Healthy Habit #5: Hit the Books
Diving into a novel isn’t just a form of escapism. It also provides a big boost for your brain. A study in Neurology found that being a bookworm helps you stay sharper and slows down cognitive decline as you age.
Reading doesn’t have to be a burden on your wallet. Check out your local library for free options. You can go the traditional route and browse the shelves or talk to the librarian for suggestions. Or ask if they have a digital library that allows you to check out a new book right from your device—easy!
Healthy Habit #6: Lend a Hand
As far as health boosters go, volunteering is a win-win. Obviously, the community benefits. But you as a volunteer get health benefits too.
“Volunteers have lower mortality rates, lower rates of depression, increased strength and energy, and fewer physical limitations than those who do not volunteer,” says Samantha Jo Warfield, spokesperson for the Corporation for National and Community Service.
Before you start, it helps to pinpoint exactly how you want to help. Is there a social cause you’re particularly passionate about? Any giving is better than none, but like all lines of work, it helps to have a plan of action before jumping in.
Think about what you’re good at. Do you have a certain talent—say, working with kids or impressive organizational skills—that you can bring to the table? Pursuing those opportunities will allow you to make a unique and valuable contribution to your community.
Get inspired with these 10 amazing volunteer opportunities that are perfect for older adults.
Healthy Habit #7: Let Go of the Past
“If you are holding on to something negative, it can get in the way of taking the necessary steps to move forward, and even start affecting your daily life,” says Lindsay Trent, Ph.D., a psychologist in Redwood City, California.
If you’re dealing with guilt, one of the first steps toward forgiving yourself is acknowledging you did something wrong or made a mistake, Trent says.
Recognize there is nothing you can do to change the past.

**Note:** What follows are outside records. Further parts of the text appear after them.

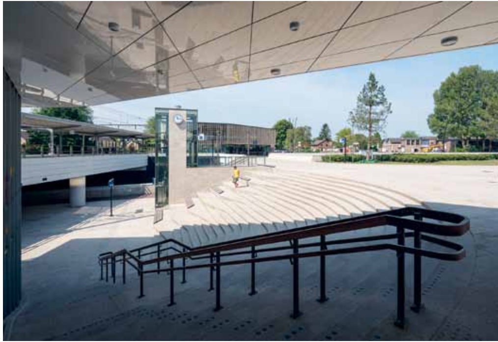
Net als het stationsplein is ook het plein onder het spoor bestraat met lichtgeel graniet.
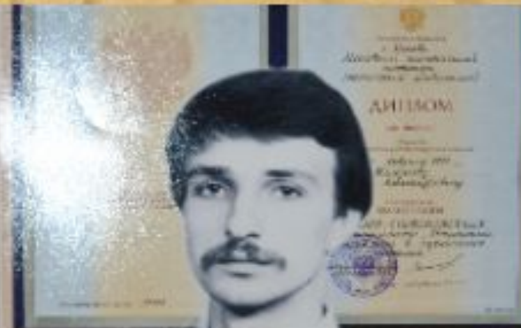
СТУДЕНТ СФМЭИ 1991 - 1997 г.
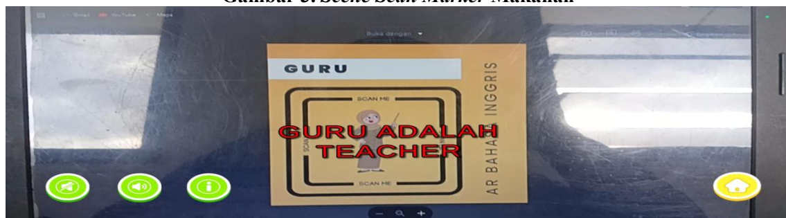
Gambar 4. Scene Scan Marker Guru
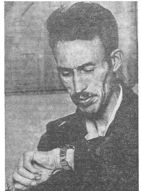
Boumedienne: Auch für andere Probleme ausser der Liquidierung Israels wird es allmählich Zeit.

Um das Wohnungsproblem Algeriens zu lösen, wird angenommen, man müsse an die 100 000 Wohnungen pro Jahr erstellen können. Aber die algerische Zeitschrift meint, dies sei nur im Irrealen vorstellbar. Vorderhand habe man sich auf
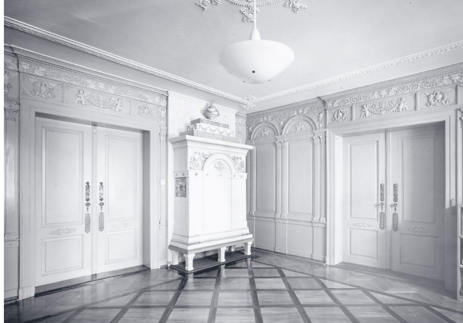
Bild Originalerhaltener Raum aus der ersten Bauzeit
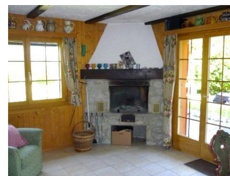
Wohnbereich mit Kamin

Preise: (pro Tag, incl. Strom, Wasser, Müllpauschale)
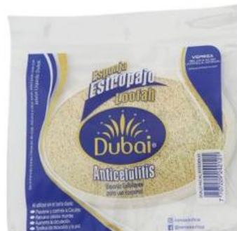
ÓVALO ESTROPAJO 13.5X9.5CM (20)(200) 7707229242121
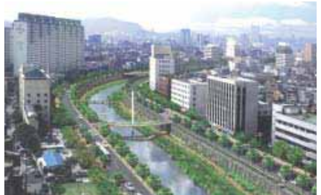
図 - 7 清溪川復元イメージ

の中心都市、国際商業都市、国際金融都市へ変革するという強力なビジョンを市民に提示した。そして、市民委員会を中心として、住民、専門家及び利害関係者の意見を受け入れ、フィージビリティ・スタディーおよび基本計画の策定の過程において、復元方法に関するいろいろな考察が行われ、現在、復元事業が実施されている。
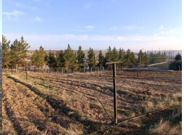
Bağ alanından görüntüler
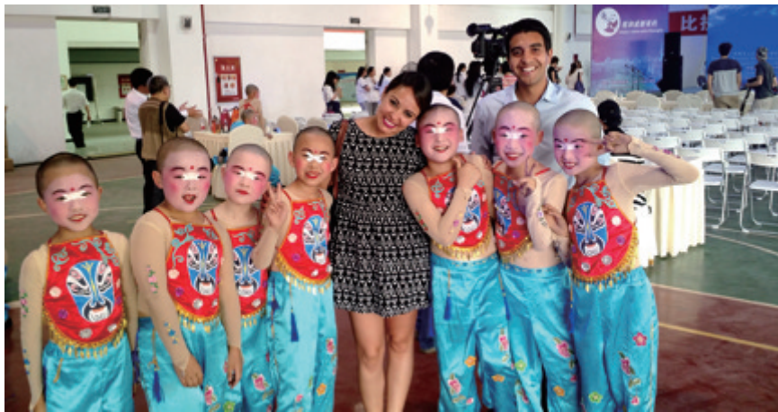
2015年萨博潘，2名来蓉研修公务员与川剧小演员
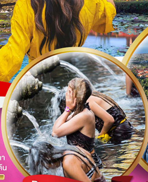
Pura Tirta Empul
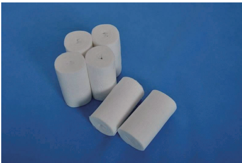
图 1-3 绷带

(1) 绷带。绷带(见图1-3)具有弹性,包扎伤口时不妨碍血液循环。2寸宽绷带适用于上肢,3寸宽绷带适用于下肢。
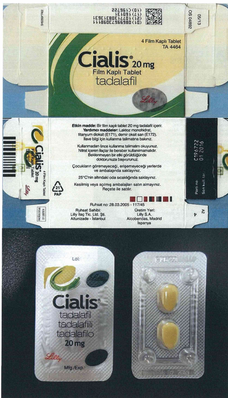
図 5-2. ボックスタイプの製品：ボックスタイプ 2 (11-20-B2-SG-28 : 真正品)
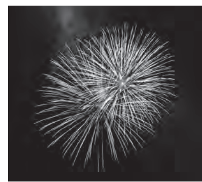
▶夜空を彩った花火

このイベントは、全国旅館ホテル生活衛生同業組合連合会青年部により制定された「宿の日」（8月10日）を広く周知するため、全国の旅館・ホテルが公益社団法人日本煙火協会協力のもと全国各地で花火を打ち上げるものです。7月から12月にかけて各地で開催され、9月3日は下郷町、他、宮城県の鳴子温泉などでも開催されました。
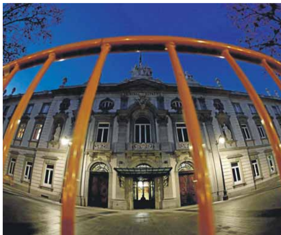
Façana del Tribunal Suprem espanyol

Els vots particulars dels membres de la JEC, que va acordar dividida per 7 vots a 6 la retirada de l'acta, argumenten que l'àrbitre electoral no és competent
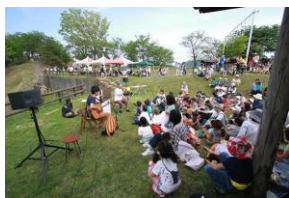
食・音・ふれあいin 上の台緑の村

市民が中心となった人づくり、まちづくり、文化振興事業等に対し補助金を交付する。 事業を審査するため、安来市地域トライアングル事業補助金審査委員会を年4回開催する。 限度期間：3ヶ年、補助率：2/3（地域文化・歴史記録保存事業は1/3）、限度額：1,000千円
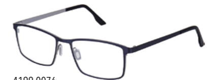
4199.0076 dancer in the night/moody moon
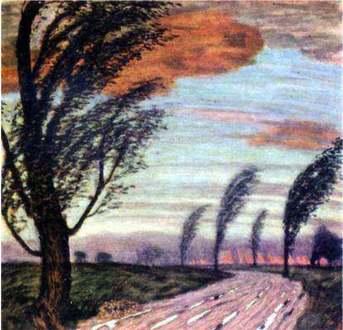
Franz von Stuck: „Sturm-Landschaft“
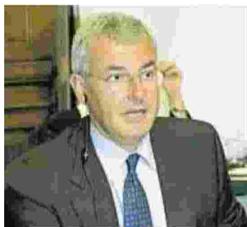
Ad Alessandro Profumo, ad di Leonardo

Il manager: "Quando arriva il termine vedremo cosa è successo, ci sono riflessioni da fare"
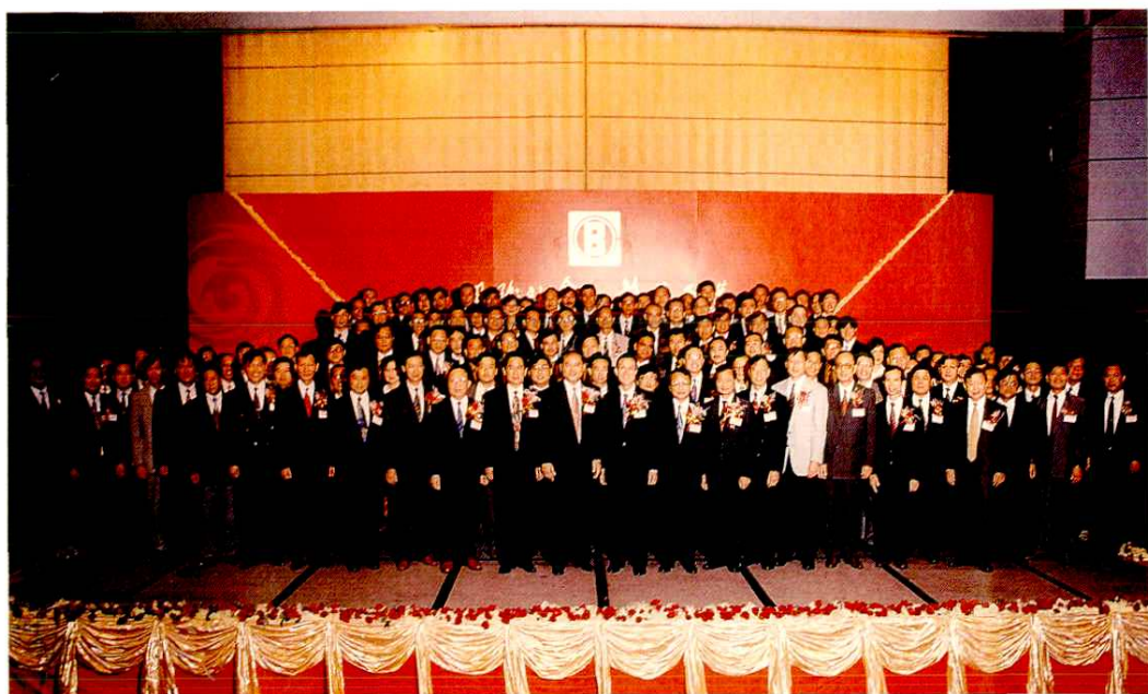
中國海外集團成立十五週年酒會
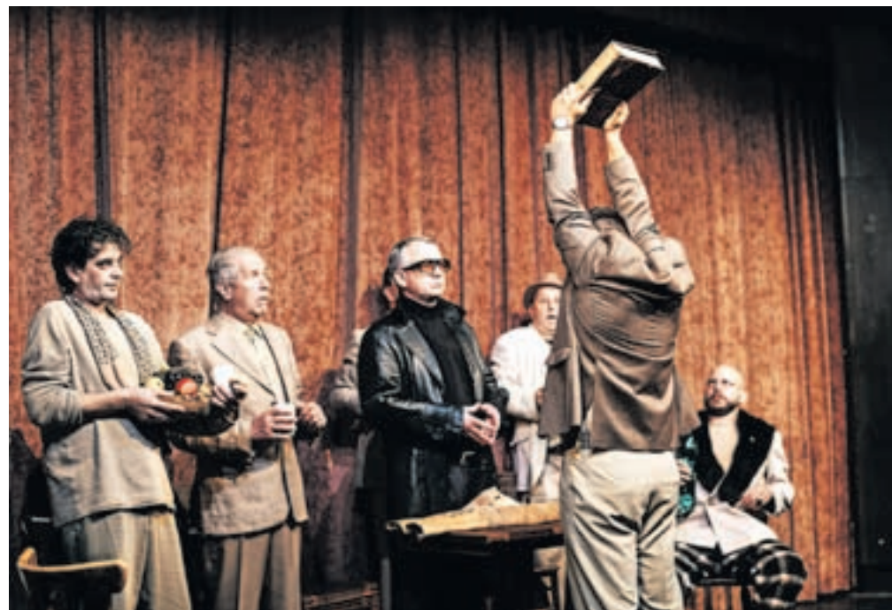
Predanost odlične ekipe Loškega odra igri se odraža skozi vso predstavo.

»Vsebinsko je projekt zasnovan na Tavčarjevi Visoški kroniki, natančneje na poglavju 'Krvava rihta' (sojenje Agati). Situacija je postavljena na večer pred sodbo. Vsi liki so povzeti po Tavčarju, vendar so postavljeni v novo situacijo. Skozi novonastali
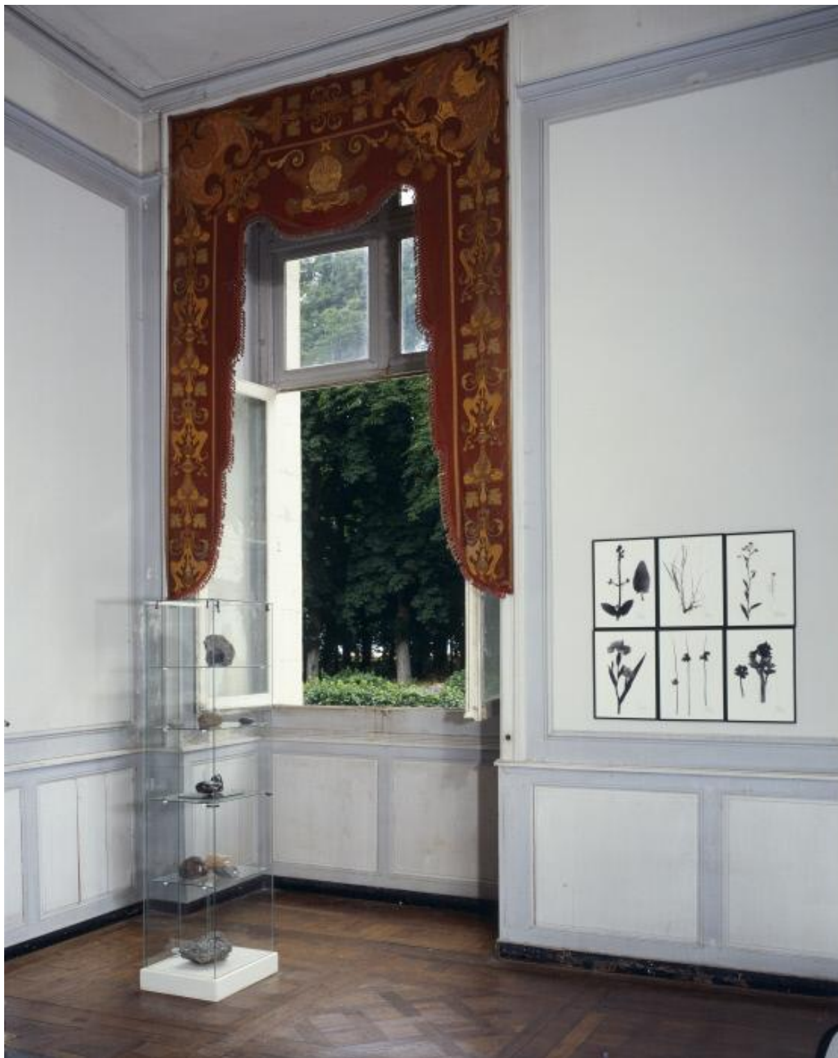
Cabinet d'Histoire naturelle, Paul-Armand Gette, Commande publique pour le château d'Oiron, Centre des monuments nationaux, collection CNAP
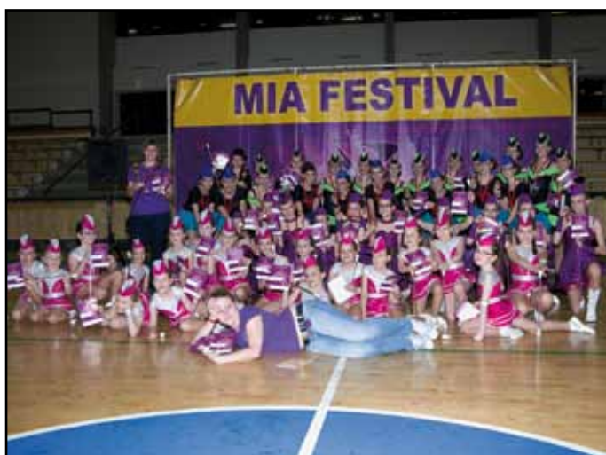
Padesát čtyři mažoretek a jejich rodinní příslušníci tvoří velké delegace, které bezvadně propagují naše město.
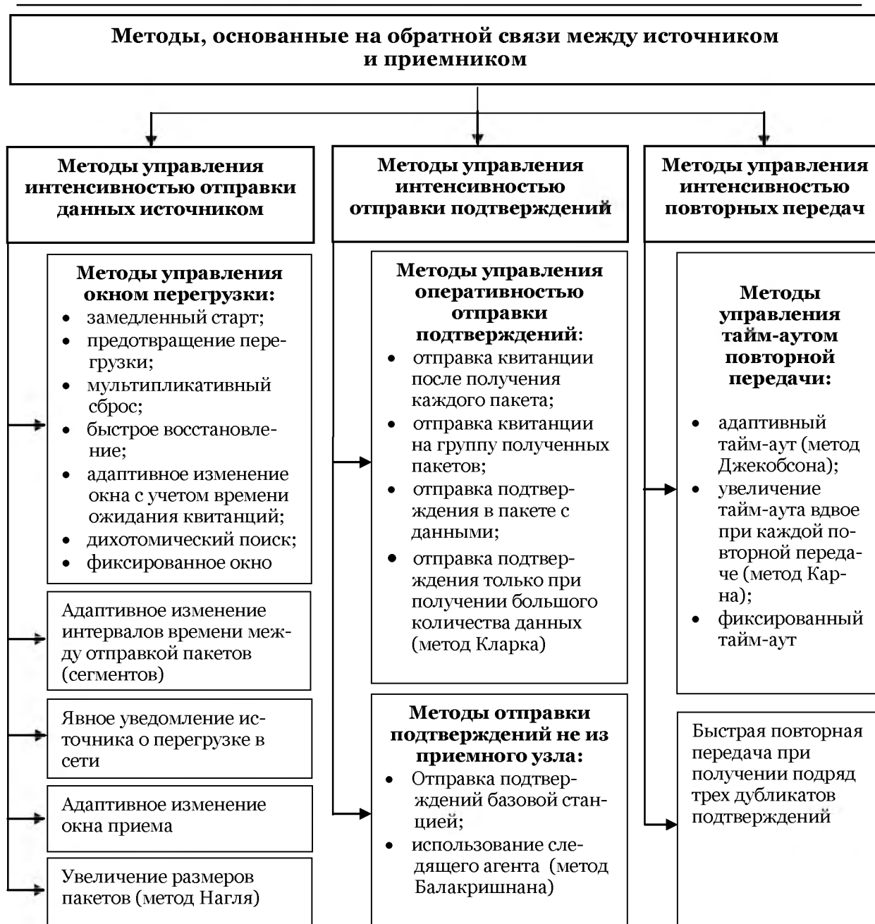
Рис. 2. Классификация методов обеспечения QoS, основанных на обратной связи между источником и приемником

Во всех указанных модификациях протокола TCP управление интенсивностью отправки сегментов осуществляется в соответствии с концепцией скользящего окна, которой присущи недостатки, связанные с интерпретацией потери сегмента как признака перегрузки в сети. В результате наблюдаются значительные пульсации циркулирующего в сети трафика. Это приводит к возникновению и усилению сетевых перегрузок, увеличения количества потерянных сегментов, которое влечет за собой замедление процесса передачи данных.
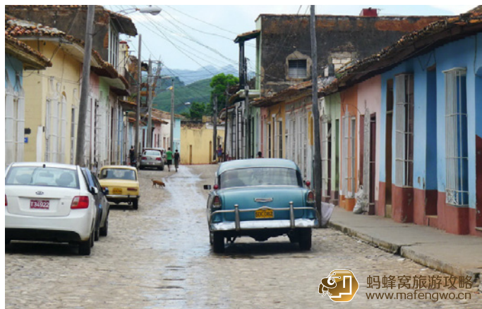
rivercaty 特立尼达安静的街景

特立尼达旅游资源网站: http://www.mycubavisit.com/cities/Trinidad.html
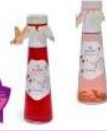
バラジュース セット
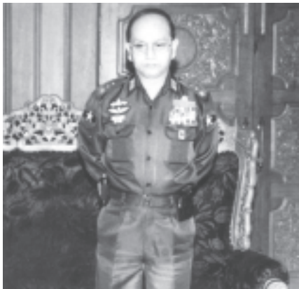
နိုင်ငံတော်အေးချမ်းသာယာရေးနှင့် ဖွံ့ဖြိုးရေးကောင်စီ အတွင်းရေးမှူး(၁) ဒုတိယဗိုလ်ချုပ်ကြီးသိန်းစိန် မန္တလေးတိုင်း ညောင်ဦးမြို့ရှိ တပ်မတော်စည်ရိပ်သာ၌ ညောင်ဦးခရိုင်နှင့် ညောင်ဦးမြို့နယ်တို့မှ ဌာနဆိုင်ရာတာဝန်ရှိသူများနှင့် တွေ့ဆုံပွဲတွင် ဆွေးနွေးမှုကြားစဉ်။ (သတင်းစဉ်)

အခမ်းအနားတွင် ရှေးဦးစွာ ညောင်ဦးခရိုင် အေးချမ်းသာယာရေးနှင့် ဖွံ့ဖြိုးရေးကောင်စီဥက္ကဋ္ဌ ဒုတိယဗိုလ်မှူးကြီးတေဇက ညောင်ဦးခရိုင်နှင့် မြို့နယ်၏ အကျယ်အဝန်း၊ လူဦးရေ နယ်မြေဒေသ အေးချမ်းတည်ငြိမ်မှု၊ ရှေးဟောင်းယဉ်ကျေးမှုနယ်မြေ ထိန်းသိမ်းစောင့်ရှောက်နိုင်မှု၊ ကမ္ဘာလှည့်ခရီးသည်များ
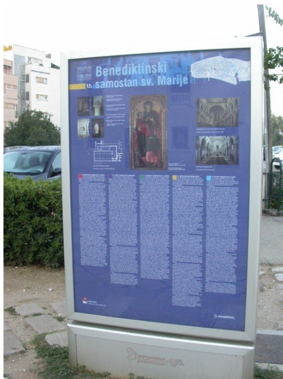
Slika 19. Informativni natpis o Samostanu sv. Marije na pet jezika (11.9.2011.)
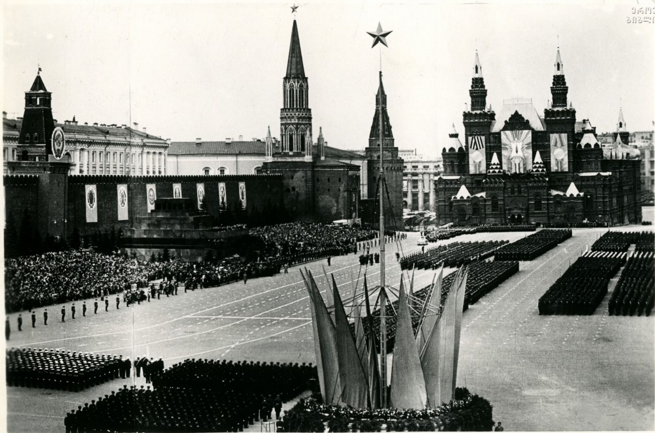
Парад войск Московского гарнизона.
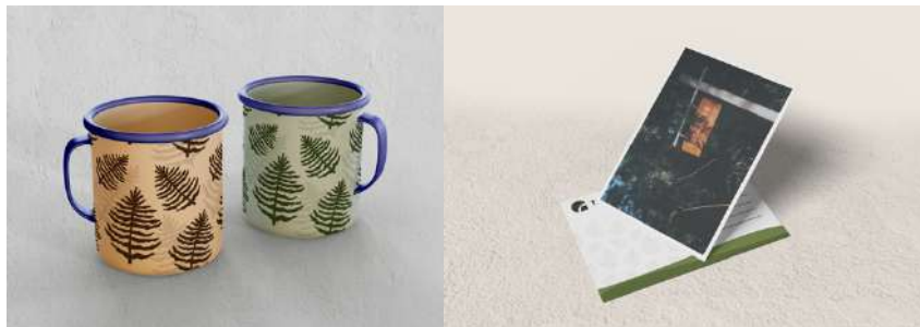
Gambar 12. Mug Enamel dan Postcard Tanakita
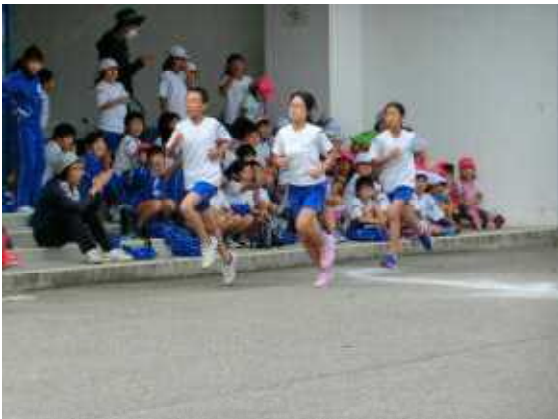
こども園のみなさんの応援も力になりました
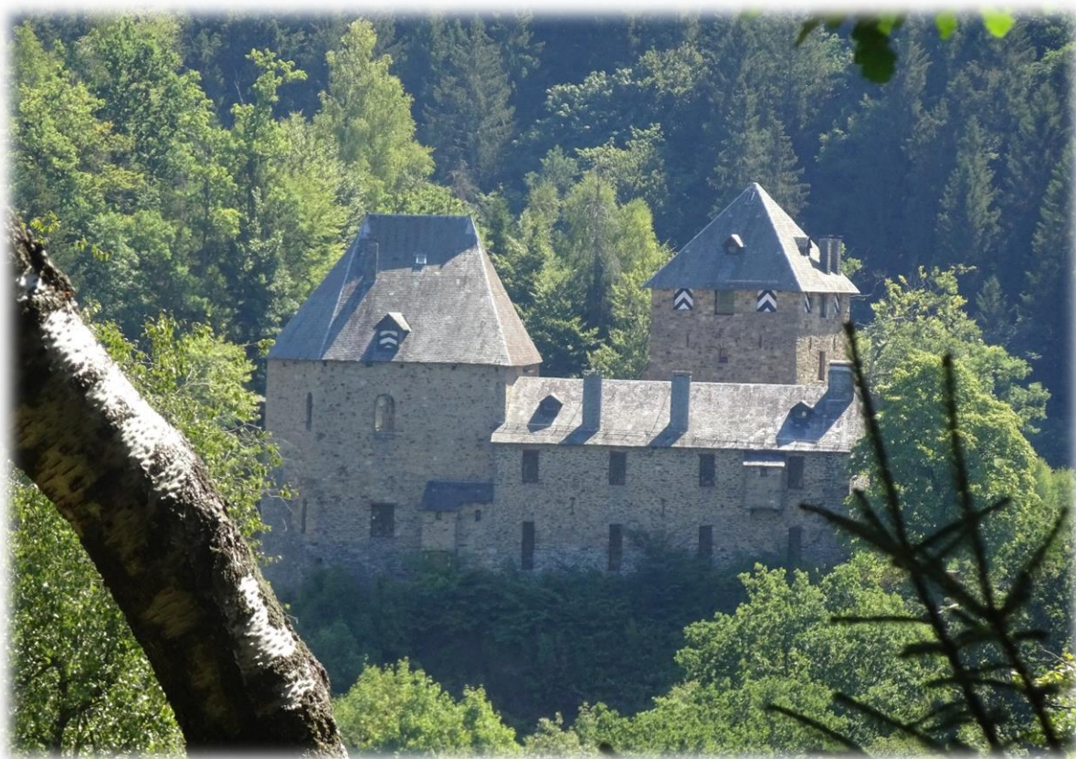
Tijdens de beklimming naar de Neus van Napoleon, krijgen we al een eerste zicht op het kasteel Reinhardstein.
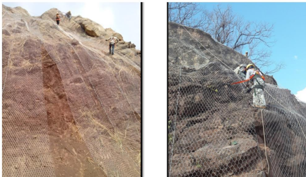
Figura de referencia.
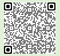
令和4年度認定クラブ一覧表QRコード
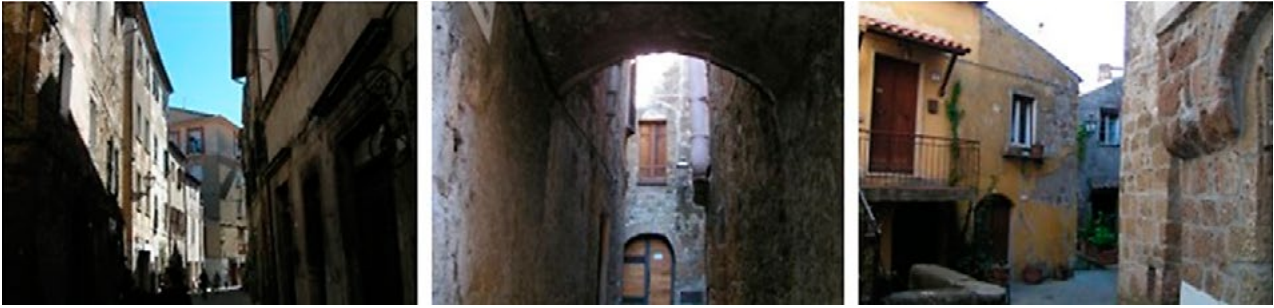
Il. 8, 9, 10. „Wnętrza” krajobrazów miasteczka Pitigliano w Toskanii. Fot. Anna Mitkowska, 2017
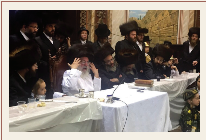
'איך וויל זאגן א ווארט פון הייליגן חתם סופר'. - ביים טיש ביום הפורים.

ביי אונז בני קהילתנו הקדושה ליגט מיט א העכערקייט אויפגענומען די דברים חוצבים להבות אש, איבער'ן העכערן נאנטשאפט 'צום הייליגן חתם סופר זי"ע וואס כ"ק מרן רבינו

Instead, ask what can you learn from the experience. “You can use those insights to be a better person in the future,” she says.
Had a fallout with a friend? Here’s how to deal with a friendship that is fizzling.
Healthy Habit #8: Find the Bright Side
Ever had one bad thing happen and then obsess about it the rest of the day?
“Humans tend to focus on the negative aspects of life, and that’s where a gratitude journal comes in,” says Kristin Oja, D.N.P., a nurse, fitness instructor, and founder of STAT Wellness.
The practice of writing down the positive aspects of your day, she says, can help you remember all of the good things you have going on right now.
Make your journal pocket-sized, and bring it with you everywhere. When something makes you feel good, pause when you can and make a note of it.
Read through your journal at the end of the day or week. You may be surprised at how good life can be.
Healthy Habit #9: Walk Like Your Life Depends on It
If you can, stroll outdoors for huge health benefits. It burns calories and gives you a cardio burst, and science shows that walking in a natural environment can improve your mood and reduce negative thoughts.
Plus, more time spent in nature is associated with a greater feeling of purpose and meaning in life, according to a study in the Journal of Health Psychology. And who doesn’t want more of that?
Aim to walk for at least 20 minutes every day, preferably outside in a natural setting. Already doing this? Check out these nine ways to kick up your walking workout.
When that’s not possible, try to take as many steps as you can. Stand and pace anytime you’re on the phone, for example. Your steps, and the health benefits that result from them, will add up.